SINGAPORE--(BUSINESS WIRE)--A.M. Best has affirmed the financial strength rating of A- (Excellent) and the issuer credit ratings (ICR) of “a-” of Asia Capital Reinsurance Group Pte. Ltd. (Asia Capital Re) (Singapore) (Malaysia) and of Asia Capital Reinsurance Malaysia Sdn. Bhd (ACRM) (Malaysia). A.M. Best has also affirmed the ICR of “bbb-” of ACR Capital Holdings Pte. Ltd. (ACR) (Singapore). The outlook for all ratings is stable.
Asia Capital Re’s ratings consider its business profile and balance sheet strength. Since it started writing business, Asia Capital Re has grown its franchise across the Asia Pacific region. Supported by relationships with key cedents, its gross premiums have grown from USD 342 million in 2008 to USD 923 million in 2014. A capital injection after the 2011-12 catastrophe year, helped restore the company’s risk-adjusted capitalization to a level that supports its ratings.
Offsetting rating factors include its internal capital generation track record. Partly due to the 2011-12 catastrophes, the company has yet to show a track record of supporting its risk-adjusted capitalization from retained earnings.

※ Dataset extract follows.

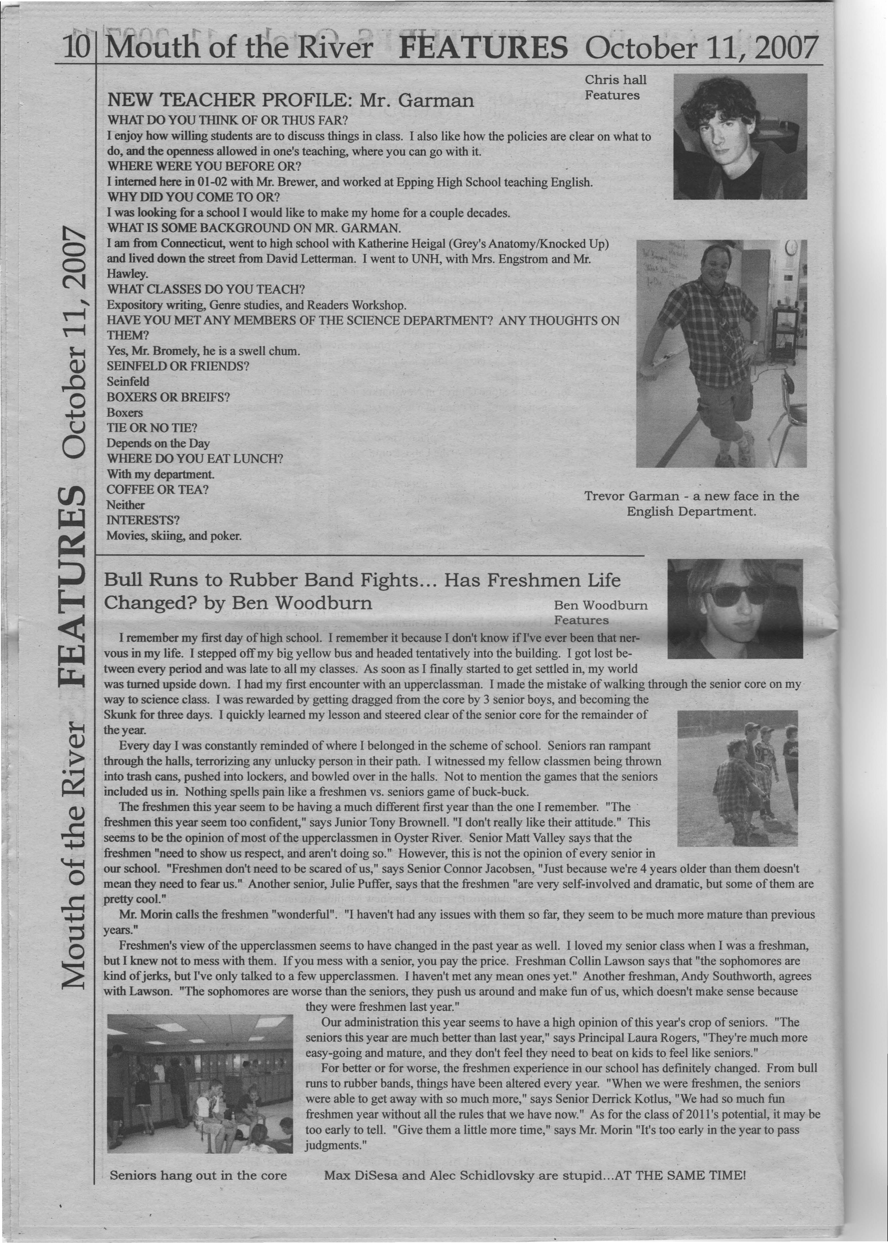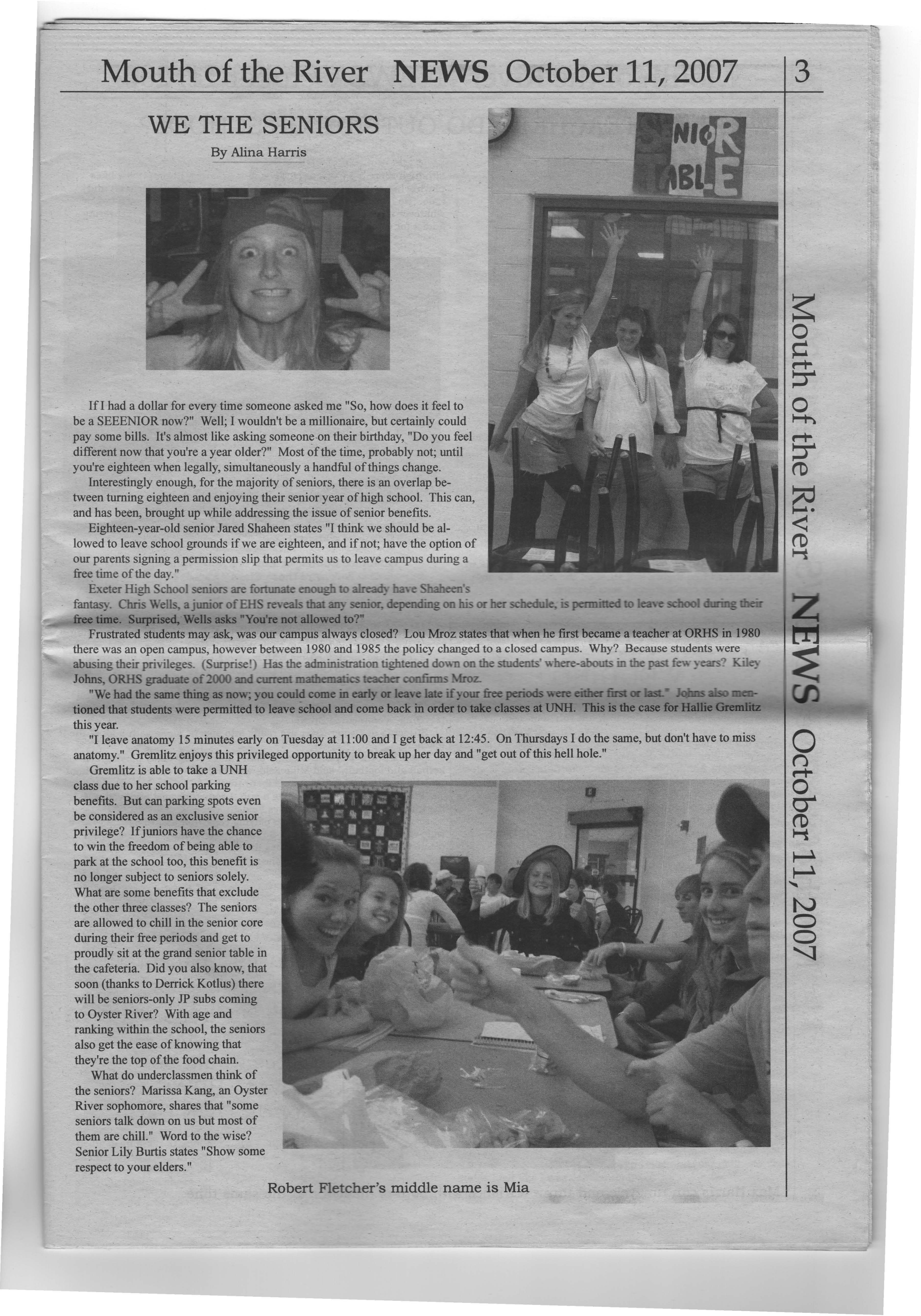 What do underclassmen think of the seniors? Marissa Kang, an Oyster River sophomore, shares that "some seniors talk down on us but most of them are chill." Word to the wise? Lily Burtis states "Show some respect to your elders."

The ratings for ACRM consider its balance sheet strength and its initiatives to deal with the soft market environment in Malaysia. ACRM’s balance sheet remains supported by a subordinated convertible bond until 2017. Underwriting risk is expected to decline during this period as management aims at prioritizing profitability over volume and Malaysia’s reinsurance market remains soft. To manage its expense ratio during this period, the company intends to grow fee income from providing shared services to affiliates and managing existing pool business.

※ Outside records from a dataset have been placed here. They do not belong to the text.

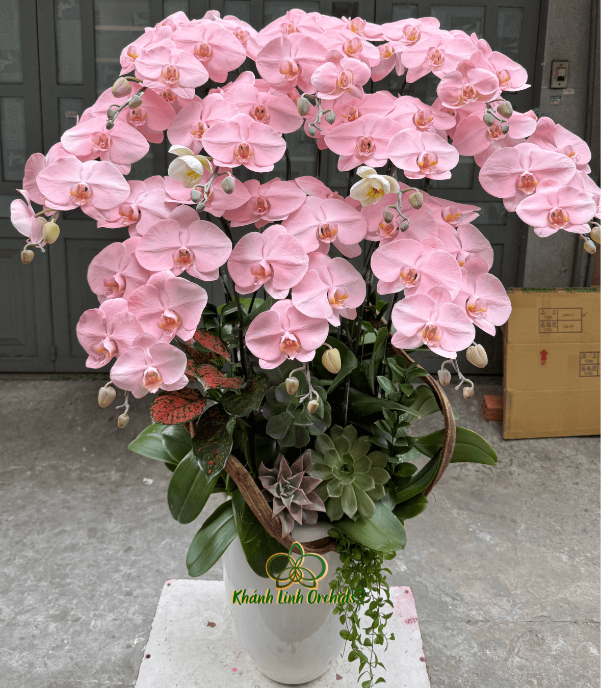 Mẫu lan hồ điệp trắng phun hồng pastel nhạt 10 cành này rất phù hợp để làm quà tặng cho phái nữ trong các dịp sinh nhật, mừng khai trương, lễ cưới hay ngày lễ đặc biệt. Ngoài ra, đây còn là điểm nhấn hoàn hảo cho bàn làm việc, sảnh tiếp khách hay phòng khách nhã nhặn, thanh lịch. Cành lan được bố trí cân đối, đổ nhẹ xuống tự nhiên, kết hợp cùng sen đá nhiều lớp và lá cảnh xanh tươi, tạo nên tổng thể hài hòa giữa mềm mại và chắc khỏe. Chậu cao trắng giúp nâng tầm vẻ đẹp tổng thể, đồng thời làm nổi bật tông màu pastel một cách trang nhã.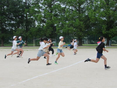 ◆今日から、5年生は、朝の「モーモータイム」に、体育の短距離走チャレンジを始めていますよ。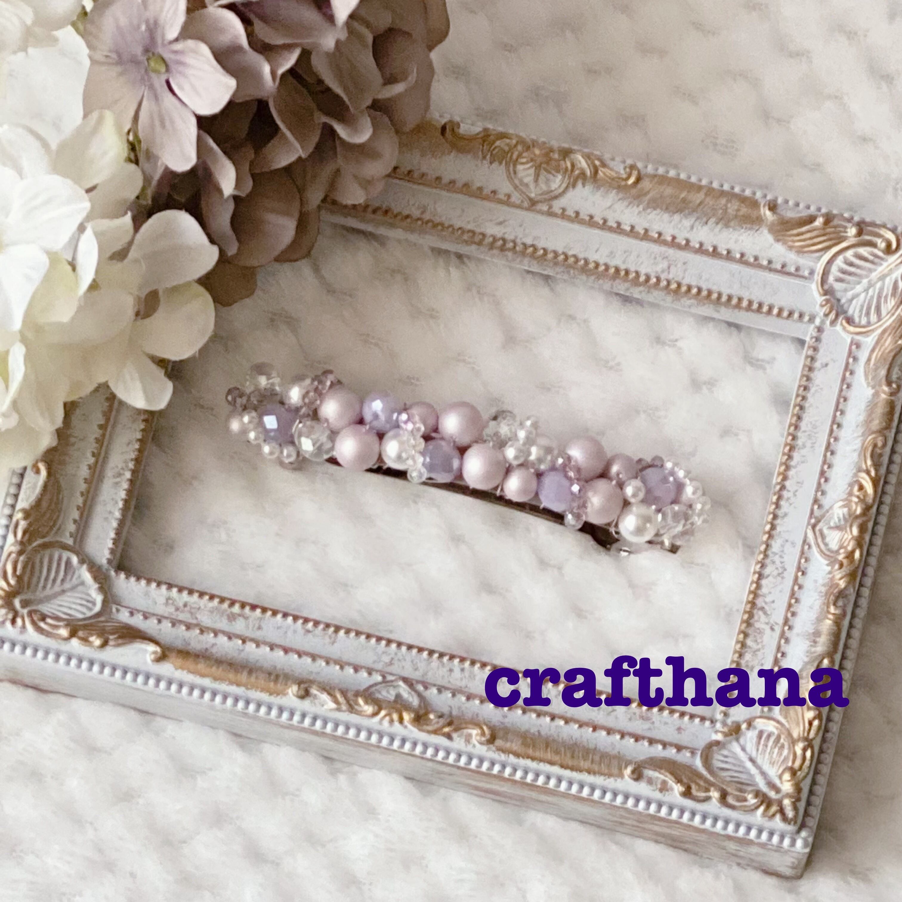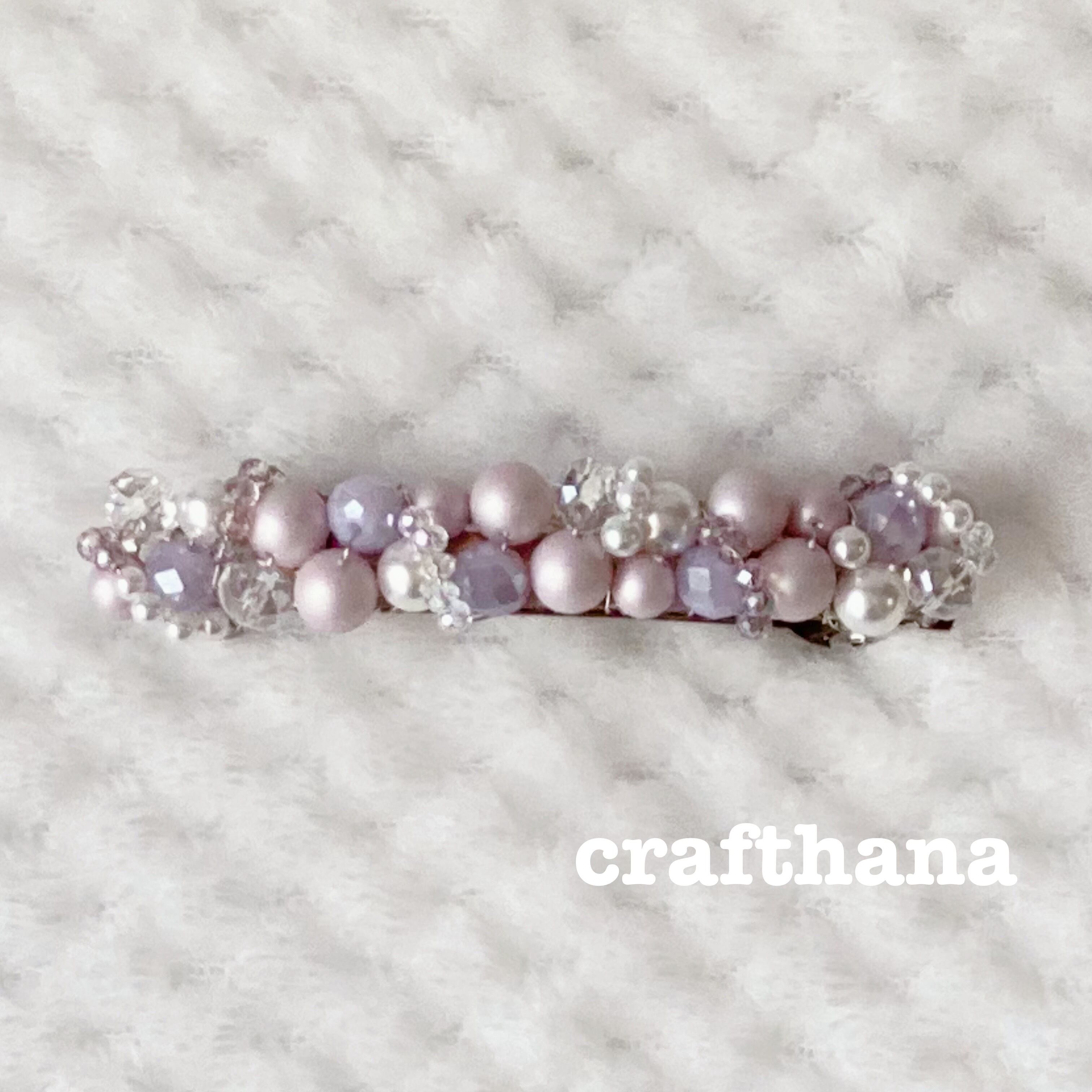 ラベンダーカラーのパールやビーズを使用し、お出かけにも、オフィスにも合うバレッタをつくりました。

Offsetting rating factors include the difficult environment for profitable growth in Malaysia’s non-life reinsurance market as direct insurers consolidate and retain more risk.

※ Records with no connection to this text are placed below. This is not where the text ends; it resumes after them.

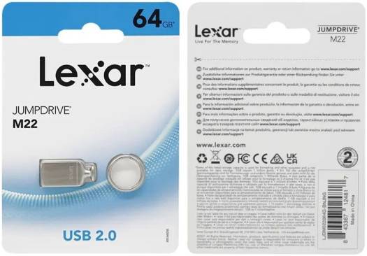 Lexar JumpDrive M22 USB Flash Drive, Key Chain Hole, 64GB Capacity, USB 2.0 Version, Compact Design, PC & Mac Compatible, Metal Body, Silver | LJDM022064G-BNJNG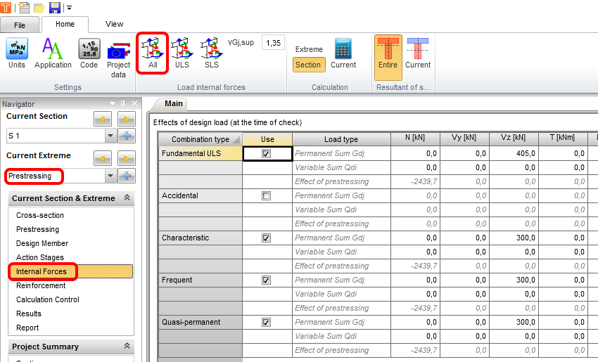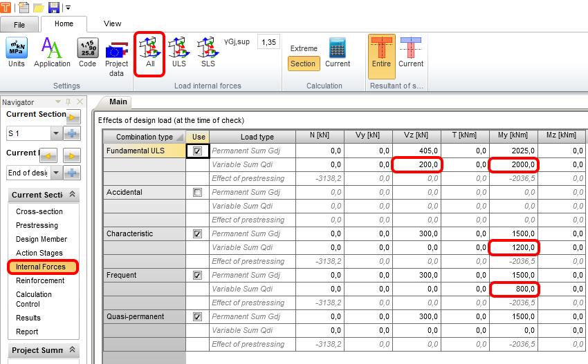 Continue in the Internal forces tab with the transfer of All permanent effects and effects of prestressing. You will complement these values with the design values of variable effects. Please notice that the previous input values have been automatically multiplied by the corresponding partial factors (e.g. 1500*1,35=2025).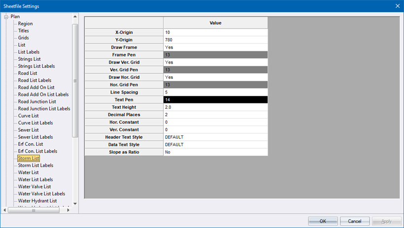 Select whether pipe slopes should be written as ratios (Yes) or as percentage slopes (No). Right-click the cell to toggle the state. |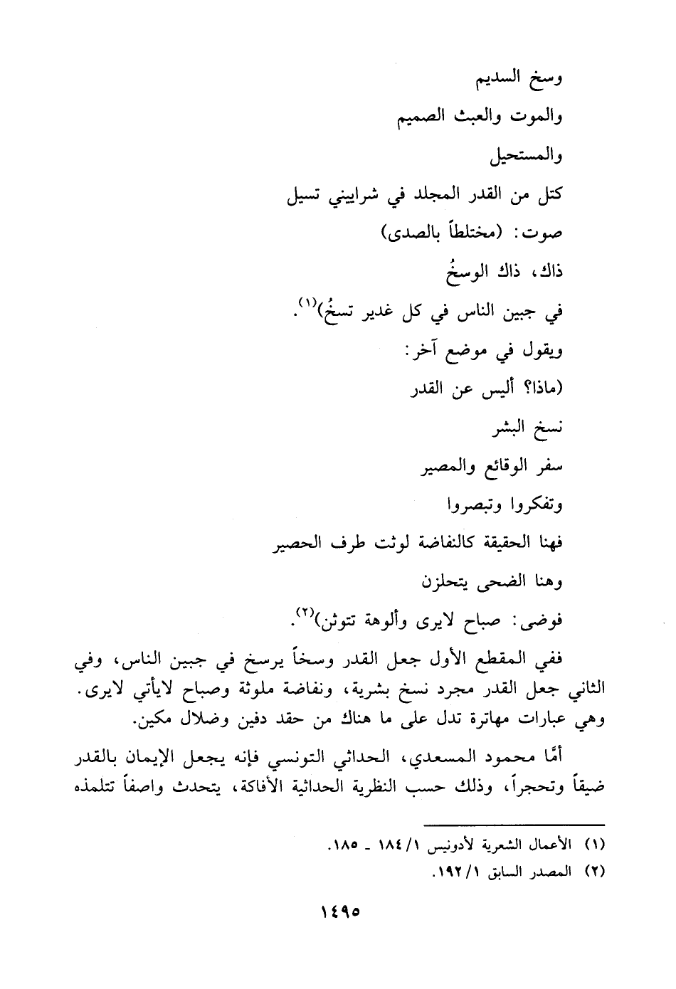 ففي المقطع الأول جعل القدر وسخًا يرسخ في جبين الناس، وفي الثاني جعل القدر مجرد نسخ بشرية، ونفاضة ملوثة وصباح لا يأتي لا يرى. وهي عبارات مهاترة تدل على ما هناك من حقد دفين وضلال مكين.

The ratings of ACR recognize the standard notching from Asia Capital Re, its primary operating entity.
Positive rating momentum for Asia Capital Re could occur if the company is able to show a trend of consistently favorable and balanced operating results. A declining trend in the company’s Best Capital Adequacy Ratio due to profits not growing in line with business growth could result in negative rating pressure.
Positive rating momentum is unlikely for ACRM at present. Negative pressure to the ratings could arise if the company’s risk-adjusted capitalization deteriorates due to weak operating performance.
The methodology used in determining these interactive ratings is Best’s Credit Rating Methodology, which provides a comprehensive explanation of A.M. Best’s rating process and contains the different rating criteria employed in the rating process. Best’s Credit Rating Methodology can be found at www.ambest.com/ratings/methodology.
Key insurance criteria reports utilized:
- Catastrophe Analysis in A.M. Best Ratings
- Rating Members of Insurance Groups
- Risk Management and the Rating Process for Insurance Companies
- Understanding Universal BCAR
- Evaluating Country Risk
- Insurance Holding Company and Debt Ratings
- Equity Credit for Hybrid Securities
Ratings are communicated to rated entities prior to publication, and unless stated otherwise, the ratings were not amended subsequent to that communication.